Aim of the task:
When you copy from the entries that follow, take only the lines from the one with "В один ящик" down to the one with "一、检查时间:2024年12月9日-13日(各科室具体检查时间提前一天通知)", keeping both ends and dropping every picture.
═══ Available records ═══
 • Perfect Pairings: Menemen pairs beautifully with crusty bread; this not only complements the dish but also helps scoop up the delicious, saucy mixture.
═══
═══ Available records ═══
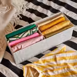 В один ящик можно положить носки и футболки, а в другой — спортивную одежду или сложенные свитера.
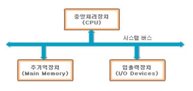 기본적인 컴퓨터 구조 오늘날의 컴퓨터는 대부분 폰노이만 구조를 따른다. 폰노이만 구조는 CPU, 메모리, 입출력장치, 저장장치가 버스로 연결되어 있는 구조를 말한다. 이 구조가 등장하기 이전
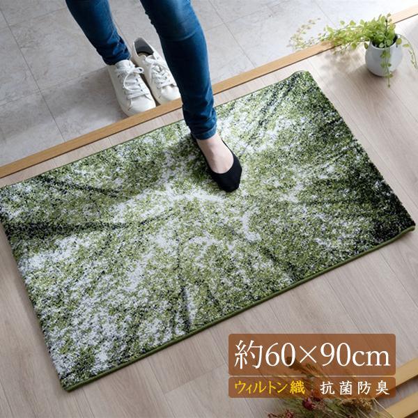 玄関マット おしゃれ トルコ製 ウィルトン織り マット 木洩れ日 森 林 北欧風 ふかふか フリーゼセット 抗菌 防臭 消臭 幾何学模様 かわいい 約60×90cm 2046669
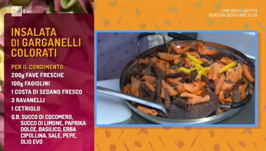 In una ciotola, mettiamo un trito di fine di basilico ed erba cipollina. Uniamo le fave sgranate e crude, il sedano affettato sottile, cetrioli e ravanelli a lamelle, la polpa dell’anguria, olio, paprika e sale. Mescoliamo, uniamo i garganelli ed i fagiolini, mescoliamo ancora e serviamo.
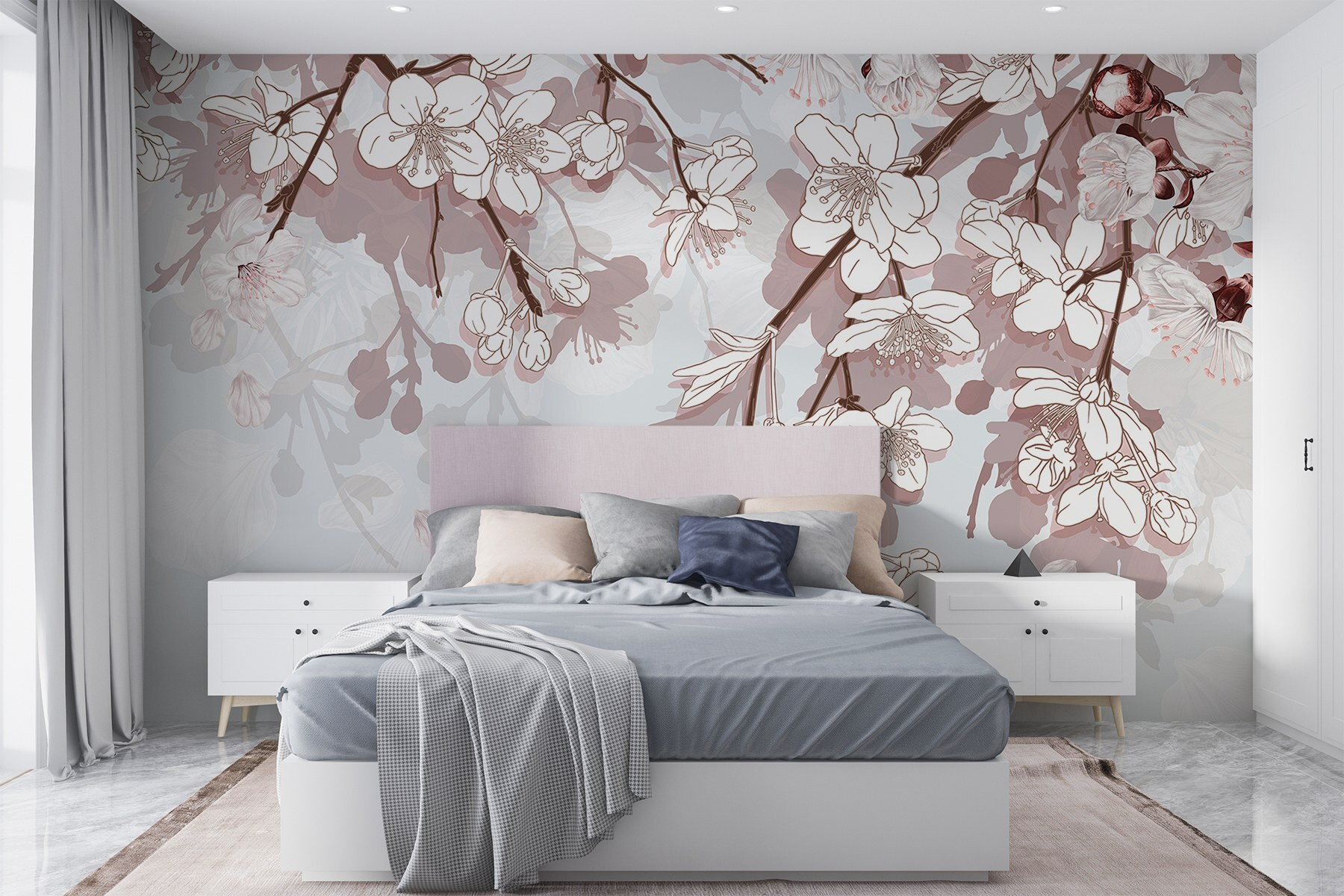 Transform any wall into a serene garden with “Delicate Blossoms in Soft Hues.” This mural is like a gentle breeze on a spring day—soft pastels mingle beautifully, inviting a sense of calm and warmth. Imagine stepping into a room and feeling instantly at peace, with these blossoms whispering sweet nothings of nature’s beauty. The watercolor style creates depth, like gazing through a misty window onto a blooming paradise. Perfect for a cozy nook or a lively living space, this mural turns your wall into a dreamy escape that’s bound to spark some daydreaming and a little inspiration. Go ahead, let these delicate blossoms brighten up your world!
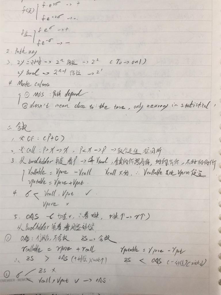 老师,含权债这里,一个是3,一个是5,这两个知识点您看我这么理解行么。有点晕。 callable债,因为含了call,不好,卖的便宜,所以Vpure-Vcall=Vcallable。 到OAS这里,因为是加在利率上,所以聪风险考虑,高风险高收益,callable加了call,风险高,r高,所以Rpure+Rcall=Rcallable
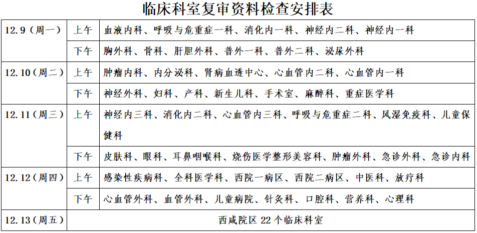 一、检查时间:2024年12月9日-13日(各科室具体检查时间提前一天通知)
═══
═══ Available records ═══
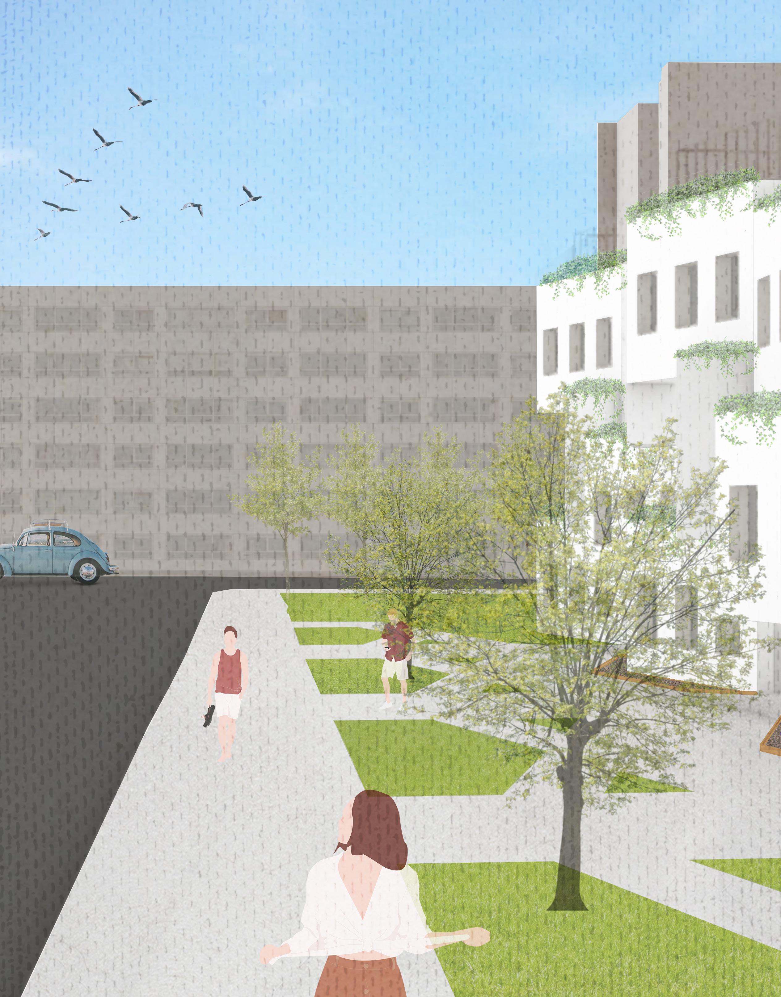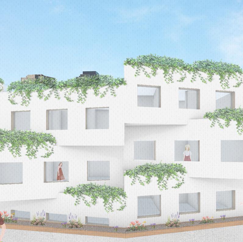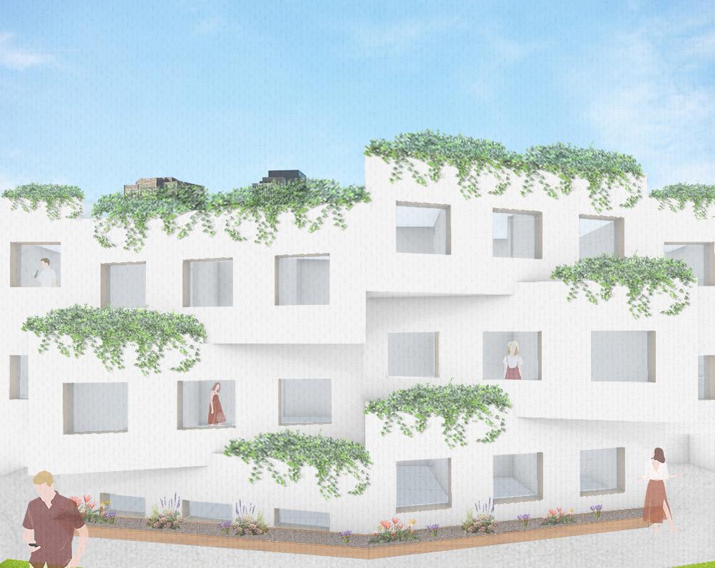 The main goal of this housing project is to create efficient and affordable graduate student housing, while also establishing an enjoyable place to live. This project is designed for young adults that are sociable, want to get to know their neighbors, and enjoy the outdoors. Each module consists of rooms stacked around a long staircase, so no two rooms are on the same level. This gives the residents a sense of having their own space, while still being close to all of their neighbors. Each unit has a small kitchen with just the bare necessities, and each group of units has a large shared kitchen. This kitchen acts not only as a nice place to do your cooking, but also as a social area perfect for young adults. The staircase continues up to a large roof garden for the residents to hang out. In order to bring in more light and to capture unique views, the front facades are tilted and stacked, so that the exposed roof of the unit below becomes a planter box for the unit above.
═══
Result of the exercise:
 В один ящик можно положить носки и футболки, а в другой — спортивную одежду или сложенные свитера.
 기본적인 컴퓨터 구조 오늘날의 컴퓨터는 대부분 폰노이만 구조를 따른다. 폰노이만 구조는 CPU, 메모리, 입출력장치, 저장장치가 버스로 연결되어 있는 구조를 말한다. 이 구조가 등장하기 이전
 玄関マット おしゃれ トルコ製 ウィルトン織り マット 木洩れ日 森 林 北欧風 ふかふか フリーゼセット 抗菌 防臭 消臭 幾何学模様 かわいい 約60×90cm 2046669
 In una ciotola, mettiamo un trito di fine di basilico ed erba cipollina. Uniamo le fave sgranate e crude, il sedano affettato sottile, cetrioli e ravanelli a lamelle, la polpa dell’anguria, olio, paprika e sale. Mescoliamo, uniamo i garganelli ed i fagiolini, mescoliamo ancora e serviamo.
 Transform any wall into a serene garden with “Delicate Blossoms in Soft Hues.” This mural is like a gentle breeze on a spring day—soft pastels mingle beautifully, inviting a sense of calm and warmth. Imagine stepping into a room and feeling instantly at peace, with these blossoms whispering sweet nothings of nature’s beauty. The watercolor style creates depth, like gazing through a misty window onto a blooming paradise. Perfect for a cozy nook or a lively living space, this mural turns your wall into a dreamy escape that’s bound to spark some daydreaming and a little inspiration. Go ahead, let these delicate blossoms brighten up your world!
 老师,含权债这里,一个是3,一个是5,这两个知识点您看我这么理解行么。有点晕。 callable债,因为含了call,不好,卖的便宜,所以Vpure-Vcall=Vcallable。 到OAS这里,因为是加在利率上,所以聪风险考虑,高风险高收益,callable加了call,风险高,r高,所以Rpure+Rcall=Rcallable
 一、检查时间:2024年12月9日-13日(各科室具体检查时间提前一天通知)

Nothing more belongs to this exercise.